Art has always been worth keeping in storage; like some currencies (such as the Swiss franc most recently), it can be looked at as a safe-haven currency.

“Art still has this role today, although there is not enough cash in people’s hands these days,” Einspach says.

There are two types of people turning up at auctions: collectors and investors.

The border between them, however, is blurred, according to Einspach. In his opinion, even those buying artworks as an investment are likely to develop artistic interests. 
“I believe that everyone involved in this segment gets ‘infected’ sooner or later,” he claims.

The circle of those attending auctions has changed in the past few years. “Massive amounts of people have stopped visiting auctions because of financial difficulties. But we have seen new a new circle of buyers appearing on the market, and our winter auctions were rather successful,” Törő says.

While artworks have a certain market price, they are more than just a simple investment.

“Even those buying for investment purposes don’t buy them solely for making money. Artworks carry additional values, they are more personal than any other investment forms,” he notes.

Although the market has weathered the crisis of 2008, if another recession is coming, galleries and auctions houses will face a difficult period.

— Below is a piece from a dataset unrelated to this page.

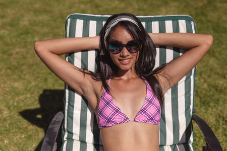 Mixed race woman wearing sunglasses sunbathing on sunbed in garden. Hanging out and relaxing outdoors in summer.
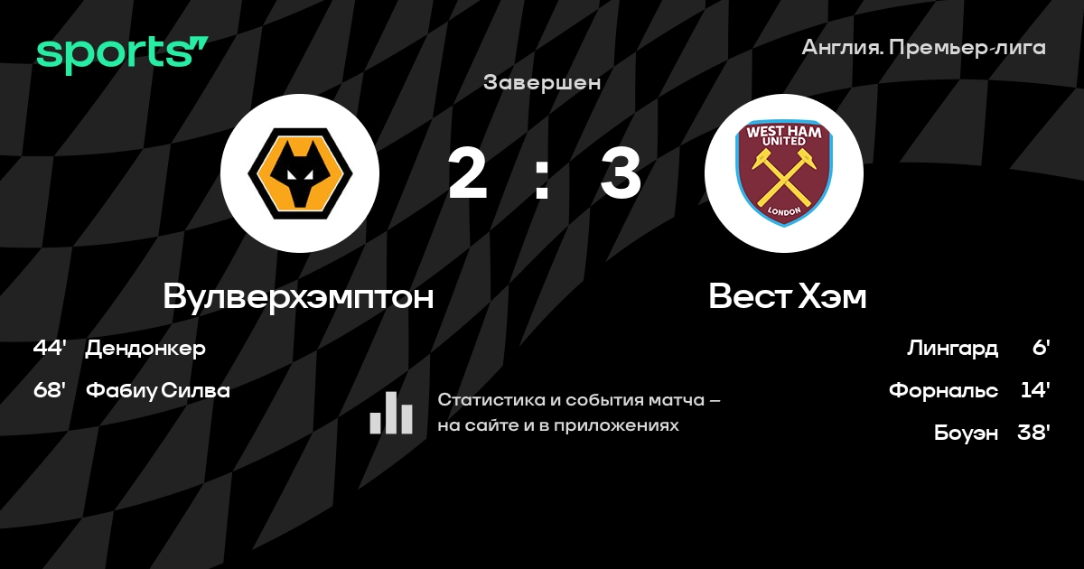 Руй Патрисиу - Аит-Нури, Саисс, Коуди, Семеду - Рубен Невеш, Дендонкер, Траоре, Поденсе, Нету - Виллиан ЖозеЗапасные: Радди, Хувер, Килмен, Маркес, Ричардс, Гиббс-Уайт, Витинья, Отасоуи, Фабиу Силва

“But if things start to get better in the economy, the art scene will see a further upswing,” Törő claims.

What sells these days?

Art, being more liquid these days than, say, properties, is still a good form of investment. It keeps its value in the long run, in spite of the fact that the art market has also been exposed to the generally depressed economic environment.

“In the last 20 years, artwork prices have kept increasing. The crisis in 2008 somewhat slowed this process, but hasn’t reverse it,” Einspach notes.

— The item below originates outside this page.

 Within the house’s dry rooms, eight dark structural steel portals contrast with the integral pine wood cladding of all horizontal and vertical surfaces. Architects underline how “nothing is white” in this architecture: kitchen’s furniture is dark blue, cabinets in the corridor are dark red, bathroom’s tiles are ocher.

But others say that liquidity is not common across all segments of the art market.

“As I see it, only top category artworks have certain liquidity these days,” says Péter Pintér, co-owner of Pintér Auction House. “They definitely keep their prices, but on the other hand, collectors who own such pieces are reluctant to sell them under today’s market conditions. Only a few of these top artworks make it to the market, usually from collectors who are struggling with financial difficulties.”

Einspach agrees, explaining that, “People are more willing to get rid of their badly performing shares or sell their properties than part with their artworks.”

Given generally negative market sentiment, the art market naturally performs less successfully, but experts are optimistic: if the economy gets on the path to recovery, it will boost this particular segment as well.

Themed up

“When we started organizing auctions, we didn’t have a clear concept. But as time went by and the auctions market was oversupplied, we soon realized that we need a strategy,” Pintér recalls. “That’s when we started to organize thematic auctions, and we found that this model worked despite the crisis.”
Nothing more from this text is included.